The most effective genes and their normalized scores for breast cancer are shown in Fig. 3. [36] suggests that CASP9 transcriptional regulation is an important factor in the development of breast cancer. [37] proposes CASP9 as a biomarker and a therapeutic target in inflammatory breast cancer. [38] investigates the role of IQGAP2 in tumor angiogenesis in breast cancer. [39] investigates the role of IQGAP2 as a tumor suppressor in breast cancer. [40] examines breast tissue microarrays and shows overexpression of MADD. [41] shows that the PFKP protein is highly expressed in triple-negative breast cancer (TNBC). [42] investigates that silencing NOTCH4 promotes tumorigenesis and inhibits metastasis in TNBC. [43] suggests that MED13L positively correlates with survival of patients with breast cancer. [44] finds that NEDD4 expression is a predictive factor for the response to hormone therapy in breast cancer patients. [45] indicates upregulated MXRA5 expression in breast cancer tissue.
The most effective genes and their normalized scores for prostate cancer are shown in Fig. 4. ARHGEF3 is shown to be an oncogene and is proposed as a novel biomarker for the prediction of invasive prostate cancer in [46]. [47] associates high and intermediate levels of CCDC88A with higher prostate cancer survival. [48] finds that overexpression of DOCK4 is observed in primary prostate tumors in the TCGA dataset. [49] finds that CR-1 mRNA and protein are upregulated in prostate cancer and suggests that CR-1 expression may be a novel biological target for personalized therapy. [50] identifies RXRA as a novel target in prostate cancer. PDLIM5 is reported to be abnormally enriched in prostate cancer tissues in [51]. According to [52], studies using various systems biology methods have highlighted NR3C1 as a potential gene in prostate cancer metastasis. SATB1 is shown to be overexpressed in metastatic prostate cancer in [53]. [54] finds that serum concentration of TYRO3 is significantly increased in men with localized or metastatic prostate cancer compared to men without prostate cancer.
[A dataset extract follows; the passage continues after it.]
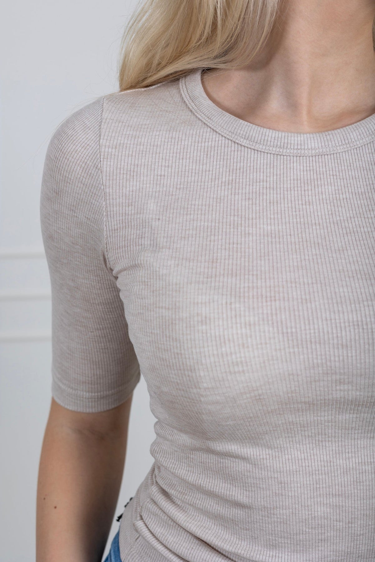 Dianna 2/4 O - Neck Top Oatmeal Melange | Topper | Smuk - Dameklær på nett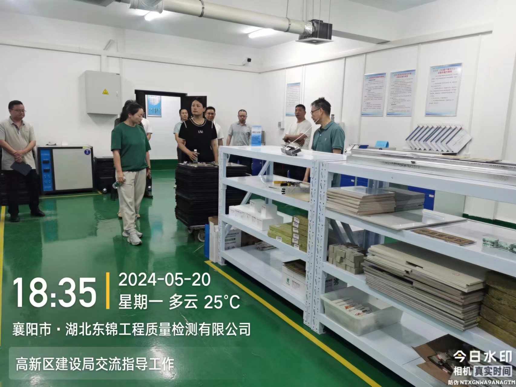 閱讀次數(shù):1308 發(fā)布時間:2024年05月21日2024年5月20日下午,公司屬地襄陽市高新區(qū)城鄉(xiāng)建設局領導一行蒞臨公司考察指導工作。對于東錦檢測公司的服務能力給予充分肯定。公司董事長侯修煉等領導全程陪同,詳細介紹公司各實驗室及所承擔的檢測任務。

We searched the literature if there exist research for top 20 of these proposed genes related with the corresponding cancer type by our explainer. We found that nearly half of them took part in previous studies. This shows that our framework emphasizes on proper genes for the selected cancer types. And also the rest of the genes that are proposed by the explainer can be utilized as novel target genes for new cancer studies.Fig. 3. Explainer results for breast cancerFig. 4Explainer results for prostate cancer
A real-life simulation experiment for GNNMutation
Since the patient features of GNNMutation are based on class information, we constructed a simulation study to demonstrate how it can be applied in a real-life scenario where the class information (cancer or no-cancer) of a patient is not known. In this case, we have to consider the patient as being in both classes and compare the results for the final prediction.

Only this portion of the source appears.